Single by the Cyrkle

from the album Red Rubber Ball
- B-side: "Big Little Woman"
- Released: July 1966
- Genre: Folk rock
- Length: 2:29
- Label: Columbia
- Songwriters: Jerry Keller, David Blume
- Producer: John Simon

The Cyrkle singles chronology
| "Red Rubber Ball" (1966) | "Turn-Down Day" (1966) | "Please Don't Ever Leave Me" (1966) |

= Turn-Down Day =

"Turn-Down Day" is a song written by Jerry Keller and David Blume and performed by the Cyrkle.
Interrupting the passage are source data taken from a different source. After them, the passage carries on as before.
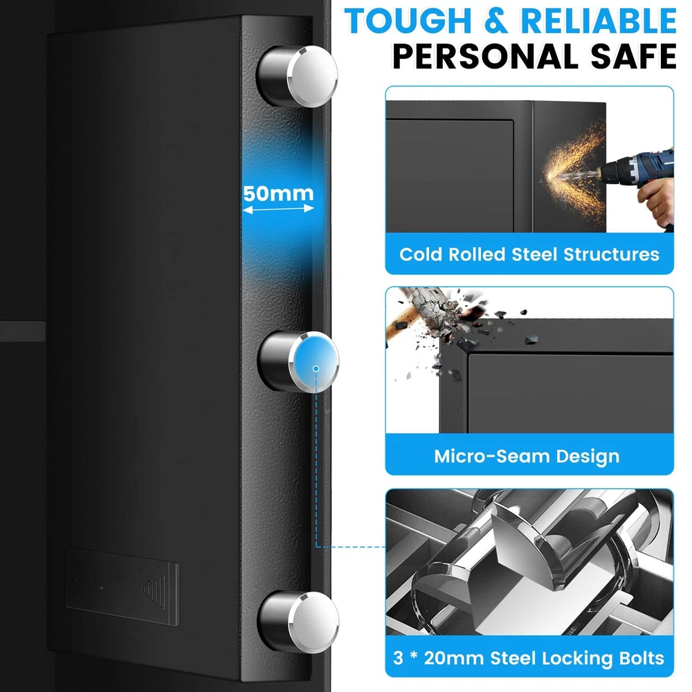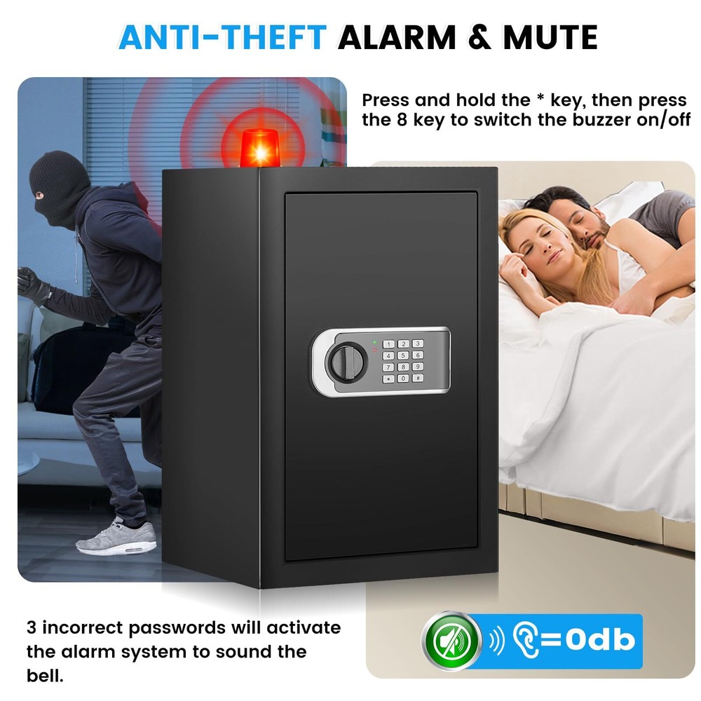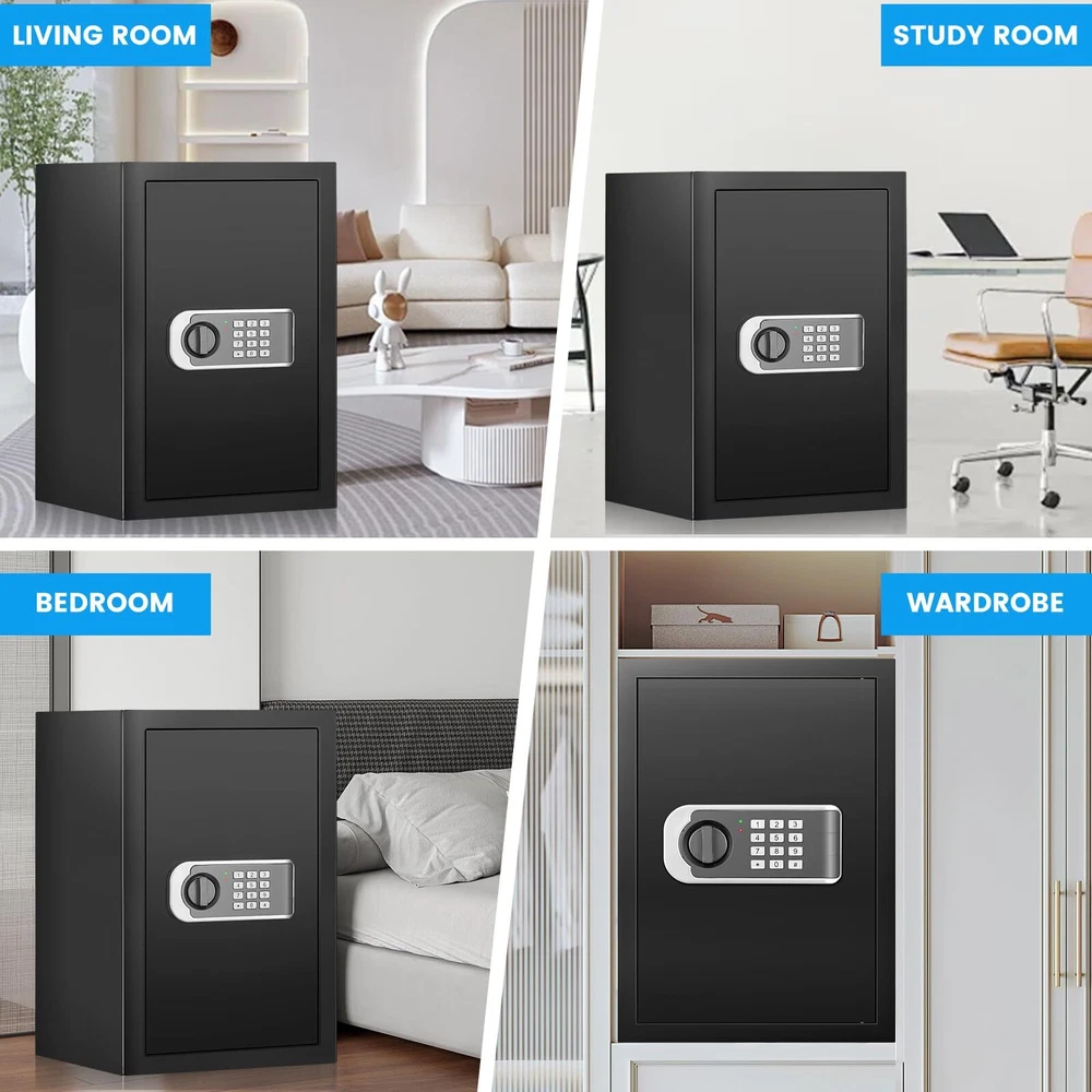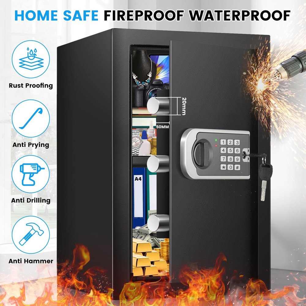 2.4 Cuft Home Safe, Safe Box Fireproof Waterproof, Fireproof Safe for Home with Electronic Keypad, Spare Key, Smart Alert, Mute Mode, Anti-Theft Fireproof Safe for Document Money Valuable 【SAFE BOX FOR HOME USE】 The exterior dimensions of our home safe are 13.78‘ x 12.20’ x 16.54'. Therefore, it is perfect for storing sensitive documents, spare credit cards, passports, medications, car keys, guns and valuables. It can be easily concealed in the home, making it ideal for those who want to protect their belongings from the prying eyes of children or friends/family/acquaintances. 【STEEL STRUCTURE & THICKENED BOX DOOR】 The security safe is made of sturdy cold-rolled steel, which has good rust resistance and high temperature resistance, making it strong and durable. It also features 3 round 20mm locking bolts, a 50mm thick door and a micro-seam design that is impact and pry-resistant, providing safer and more reliable protection. 【BURGLAR ALARM & SILENT MODE】 This anti-theft safe is equipped with an intelligent alarm system to prevent unauthorised access. If the combination is entered incorrectly 3 times in a row, the system will automatically lock and sound an alarm. If you are worried that the beeping sound of the safe is disturbing others, you can also set it to silent mode and turn it back on when you need to prevent burglary. 【FIREPROOF & WATERPROOF DOCUMENT BAG】Our safe box comes with a fireproof and waterproof document pocket. You can place your cash, jewellery and important documents in the fireproof bag before placing them in the safe, so you will be doubly protected in the event of a fire or rainstorm. 【DIGITAL SAFE WITH COMBINATION LOCK】 Our safes come with a programmable keypad, 2 spare keys and an external battery compartment. The digital keypad has a responsive touchpad that makes it easy to set and change passwords, and if you forget your password, you can use the spare keys to open the safe. If you can't find the key or the battery runs out, simply plug the external battery pack into the safe. 【FIXED TO WALL/FLOOR】 There are 2 pre-drilled holes on both the back and bottom panel of the document safe, which can help you fix the safe in inconspicuous places such as under cabinets/desks, effectively preventing people from stealing your stuff quickly. Therefore, it is very suitable to be used as a security setup for homes, hotels, dormitories and offices. 【REMOVABLE SHELVES & LED LIGHTS】 Our Personal Security Safe comes with a removable shelves, so you can adjust the storage space of the safe according to your needs. In addition, this safe has a built-in LED light for quick access to your belongings at night. Shipping We offer FREE shipping on all orders! We ship within Three business days of payment, usually sooner. We use a selection of shipping services such as UPS, FedEx, USPS etc. We only ship to the lower 48 states, no APO/FPO addresses or PO Boxes allowed. Local pickups and combined shipping options are not provided at this time. Return You can return a product for up to 30 days from the date you purchased it. Any product you return must be in the same condition you received it and in the original packaging. Please keep the receipt. Payment We accept payment by any of the following methods: PayPal Please pay as soon as possible after winning an auction, as that will allow us to post your item to you sooner! Feedback Customer satisfaction is very important to us. If you have any problem with your order, please contact us and we will do our best to make you satisfied. Contact Us If you have any queries, please contact us via ebay. We usually respond within 24 hours on weekdays. Please visit our eBay store to check out other items for sale! Thank you for shopping at our store.
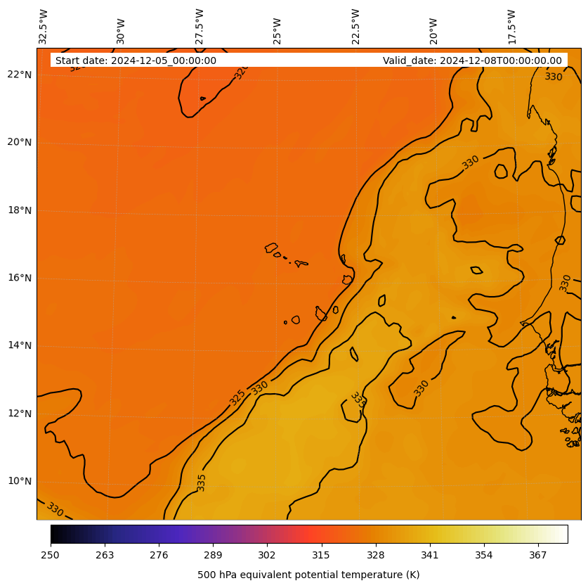 - Equivalent Potential Temperature (K)
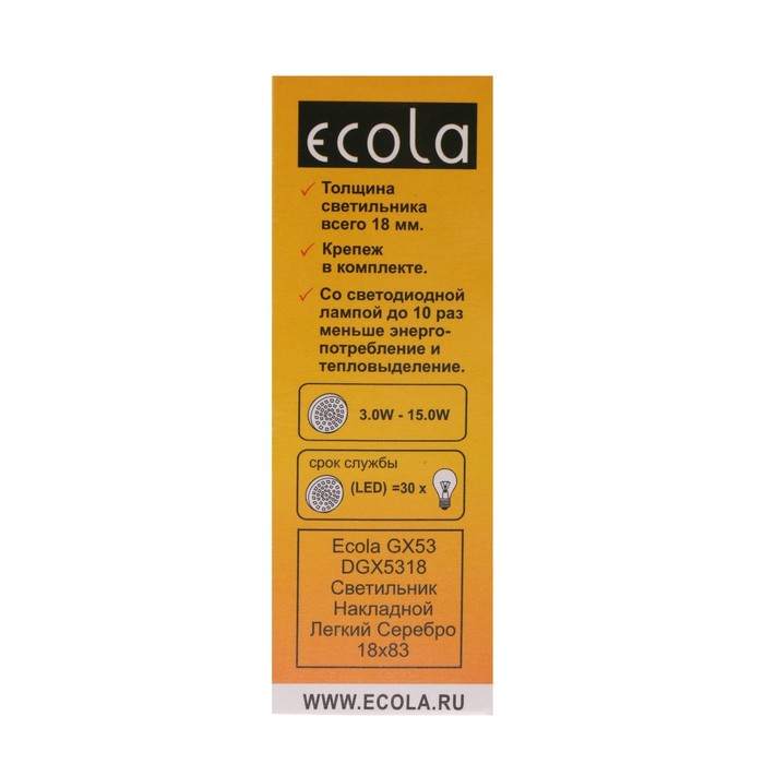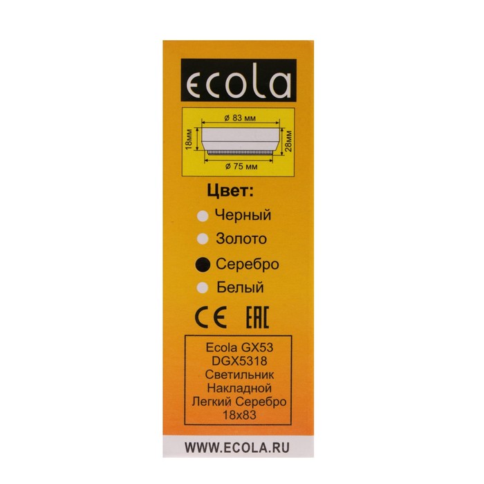 Светильник накладной Ecola, GX53, DGX53.18, 18x83 мм, цвет серебро

It was produced by John Simon, and was featured on their 1966 album, Red Rubber Ball.
It reached No. 16 on both the Billboard Hot 100 and the Canadian pop chart, and also hit No. 18 on the U.S. Cashbox chart in 1966.

==Background==
According to Candy Leonard, author of Beatleness: How the Beatles and Their Fans Remade the World (Arcade, 2014), the song is an excellent example of the emerging hippie ethos of the 1960s.

==Other versions==
- Dino, Desi & Billy, on their 1966 album, Souvenir.
- Bobby Vee, on his 1966 album, Look at Me Girl.
- Normie Rowe, as a single in 1967 that reached No. 46 in Australia.
- Gary Lewis & the Playboys, on their 1968 album, Close Cover Before Playing.
- Twinn Connexion, as a B-side to their 1968 single "I Think I Know Him"; also featured on the album, Twinn Connexion.
- Steve and Eydie, on their 1970 album, Man and a Woman.
- Danny Bonaduce, on his 1972 eponymous album.
- Sketch Show, on their 2002 album, Audio Sponge.